Importantly, these right-wing influencers celebrating the inauguration seem mostly to be self-employed, and therefore don’t have the public relations or advertising concerns that lead media companies to be cautious. This independence confers the ability to be more provocative, or outright offensive, than someone who has to answer to an editor, and whose editor has to answer to a manager, and so on up the chain.
But even these free speech warriors can’t always say what they really think, because some of them are Nazis. Bryce Hall, an MMA fighter Colyar describes as “downing shot after shot of tequila” at an inauguration party, said this week that Adolf Hitler was a “good guy” and subsequently lost at least one sponsor. The language police, it seems, are still on the case.
Maybe many people regard DEI initiatives and trainings with indifference bordering on annoyance. Are they going to be on board with the right’s attempts to blame everything on DEI? On the Trump White House’s rambling claims that the recent midair collision above D.C. is connected to DEI programs? (Some of which, incidentally, started during the first Trump administration.)

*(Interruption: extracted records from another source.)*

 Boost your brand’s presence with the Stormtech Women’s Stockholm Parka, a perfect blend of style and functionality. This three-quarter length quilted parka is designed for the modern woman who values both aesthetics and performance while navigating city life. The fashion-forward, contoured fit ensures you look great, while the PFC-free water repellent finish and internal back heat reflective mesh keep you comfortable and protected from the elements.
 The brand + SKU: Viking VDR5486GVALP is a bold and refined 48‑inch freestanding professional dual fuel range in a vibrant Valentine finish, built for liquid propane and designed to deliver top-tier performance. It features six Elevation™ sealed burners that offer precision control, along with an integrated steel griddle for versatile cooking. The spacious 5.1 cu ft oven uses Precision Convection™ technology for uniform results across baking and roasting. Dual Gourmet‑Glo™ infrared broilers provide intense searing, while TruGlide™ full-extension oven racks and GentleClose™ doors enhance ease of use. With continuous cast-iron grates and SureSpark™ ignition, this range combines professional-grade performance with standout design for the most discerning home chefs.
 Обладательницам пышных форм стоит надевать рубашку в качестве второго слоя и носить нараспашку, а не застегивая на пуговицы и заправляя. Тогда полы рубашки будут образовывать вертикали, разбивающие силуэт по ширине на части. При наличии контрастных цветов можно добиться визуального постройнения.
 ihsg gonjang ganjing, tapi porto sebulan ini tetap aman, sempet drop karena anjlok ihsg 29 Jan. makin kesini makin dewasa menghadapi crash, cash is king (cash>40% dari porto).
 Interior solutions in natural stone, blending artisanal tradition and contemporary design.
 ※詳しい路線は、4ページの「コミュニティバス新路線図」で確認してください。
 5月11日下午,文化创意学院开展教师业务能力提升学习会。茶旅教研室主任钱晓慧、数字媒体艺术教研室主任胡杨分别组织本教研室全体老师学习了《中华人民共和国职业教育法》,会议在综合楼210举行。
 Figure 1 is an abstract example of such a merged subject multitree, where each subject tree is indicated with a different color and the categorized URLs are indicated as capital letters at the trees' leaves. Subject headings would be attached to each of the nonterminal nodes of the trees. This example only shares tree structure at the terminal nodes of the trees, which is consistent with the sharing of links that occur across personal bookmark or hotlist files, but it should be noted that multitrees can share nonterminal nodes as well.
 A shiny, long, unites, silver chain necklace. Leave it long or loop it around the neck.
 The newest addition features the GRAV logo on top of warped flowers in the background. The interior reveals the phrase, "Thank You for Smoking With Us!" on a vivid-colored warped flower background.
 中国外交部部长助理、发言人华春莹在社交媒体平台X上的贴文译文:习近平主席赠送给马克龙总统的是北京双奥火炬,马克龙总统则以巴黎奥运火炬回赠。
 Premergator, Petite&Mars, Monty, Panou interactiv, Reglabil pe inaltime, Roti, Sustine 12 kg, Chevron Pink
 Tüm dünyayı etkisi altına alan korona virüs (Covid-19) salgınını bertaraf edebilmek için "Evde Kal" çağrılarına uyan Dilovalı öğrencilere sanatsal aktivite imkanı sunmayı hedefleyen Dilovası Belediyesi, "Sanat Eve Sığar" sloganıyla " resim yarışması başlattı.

Progressives have discovered that you can’t wrench the country’s politics to the left by trying to police the discourse. Conservatives may find, similarly, that winning an election does not transform American culture into an anything-goes right-wing playground. Or more simply: If you’re an asshole you’re an asshole, no matter who the president is.
Disclosure: I work for Vox Media, which owns New York.
Not entirely seriously, since the country did elect an accused rapist as president, twice.
Matt Yglesias, Bari Weiss, Andrew Sullivan — you can probably think of some more names yourself, they’re all over Substack.